2) The conductive coating as defined in claim 1 wherein the curing
temperature of the conductive coating is less than the Curie
temperature of the piezoceramic material to which the conductive
coating has been applied.
3) The conductive coating as defined in claim 1 wherein the coating
provides an appropriate mix of metallic and polymeric materials
permitting the solder bonding process and tin/lead alloys to be
used to bond thereto.
4) The conductive coating as defined in claim 1 wherein the coating
is utilized in the fabrication of a d.sub.33 mode piezoceramic
plate.
5) The conductive coating as defined in claim 1 wherein the coating
is utilized in the fabrication of a d.sub.33 mode piezoceramic
disc.
6) The conductive coating as defined in claim 1 wherein the coating
is utilized in the fabrication of a d.sub.31 mode piezoceramic
plate.
7) The conductive coating as defined in claim 1 wherein the coating
is utilized in the fabrication of a d.sub.3 mode piezoceramic
disc.
8) The conductive coating as defined in claim 1 wherein the coating
is utilized in the fabrication of a d.sub.15 mode piezoceramic
shear plate
9) The conductive coating as defined in claim 1 wherein the coating
is utilized in the fabrication of a d.sub.15 mode piezoceramic
shear disc.
10) The conductive coating as defined in claim 1 wherein the
coating is utilized in the fabrication of a d.sub.15 mode
piezoceramic shear ring.
Description
TECHNICAL FIELD
[0001] The present invention relates, in general, to a coating for
piezoceramic materials and, more particularly, to a low temperature
conductive coating for such materials.
BACKGROUND ART
[0002] Historically, piezoelectric materials are commonly plated
with silver, nickel, gold or copper metallic surfaces. The least
complicated and most widely used process is the application of
silver plate which is applied in paste form to the piezoceramic
material and then fired in an oven at approximately 600.degree. C.

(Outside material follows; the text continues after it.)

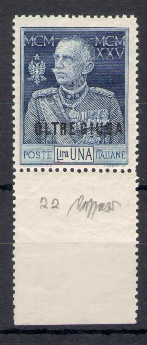 1925-26 Oltre Giuba, Nr. 22, 1 blaue Lira gezähnt 13 1/2, 1 Wert, postfrisch ** - postfrisch mit Vollgummi und Original.
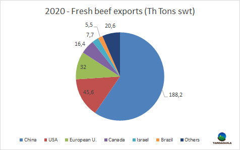 2020年烏拉圭牛肉出口量31.6萬噸,較2019年減少了1萬噸,較2018年最高出口量減少了1.3萬噸,平均出口價(jià)格5105美元/噸,同比下降了7%。對中國出口量18.8萬噸,占總出口量的60%,其中包括74.6萬噸牛副(約占85%)。牛肉的第二出口目的地是美國,對美國出口量4.6萬噸,占總出口量的14%,第三是歐盟,對歐盟出口量3.2萬噸,占總出口量的10%。其次是加拿大(1.64萬噸)、以色列(7.7萬噸)和巴西(5.5萬噸)。

to melt a thin layer of silver onto the surface of the piezoceramic
material. Some typical lower temperature processes utilized to
deposit (or plate) nickel, gold and copper onto the piezoceramic
material are performed in chemical baths commonly referred to as
"electro-less" or "electro-chemical" processes. Other low
temperature methods include vapor deposition and sputtering, which
are widely used and accepted in this industry. The least
complicated procedure is the fired silver method which is usually
the least costly process. A disadvantage of the silver plate is a
silver plated surface requires a special solder alloy that includes
some silver in the alloy to produce an effective solder joint
between the silver plated piezoceramic material and typical
termination materials, such as nickel, gold, copper, and the
brasses.
[0003] In general, it is more difficult and less desirable to use
silver solder in solder bonding processes than the more common
Tin/Lead (Sn/Pb) solders, such as the eutectic and 60/40 alloys.
The Sn/Pb solder alloys more readily bond to common circuit board
components and wire. Since these solder alloys do not bond well to
silver plated surfaces, it is necessary to consider the use of
nickel, gold or copper plating on piezoceramic materials.
[0004] Since the fired silver method has the aforementioned
disadvantages and the current alternative plating processes for
nickel, gold or copper are more complex, costly, and require more
environmental regulations, it is desirable to develop a lower
temperature and less complex process for applying a nickel, gold or
copper plate to piezoceramic materials.
SUMMARY OF THE INVENTION
[0005] The present invention solves the problems associated with
the prior art methods of applying nickel, gold, copper, tin, brass,
or aluminum plate to piezoceramic materials, and other problems, by
providing a conductive substance consisting of polymers, and one or
more of the following metals: nickel, gold, copper, tin, brass,
aluminum, or any combination thereof. This conductive substance may
be applied to piezoceramic materials by common industry methods.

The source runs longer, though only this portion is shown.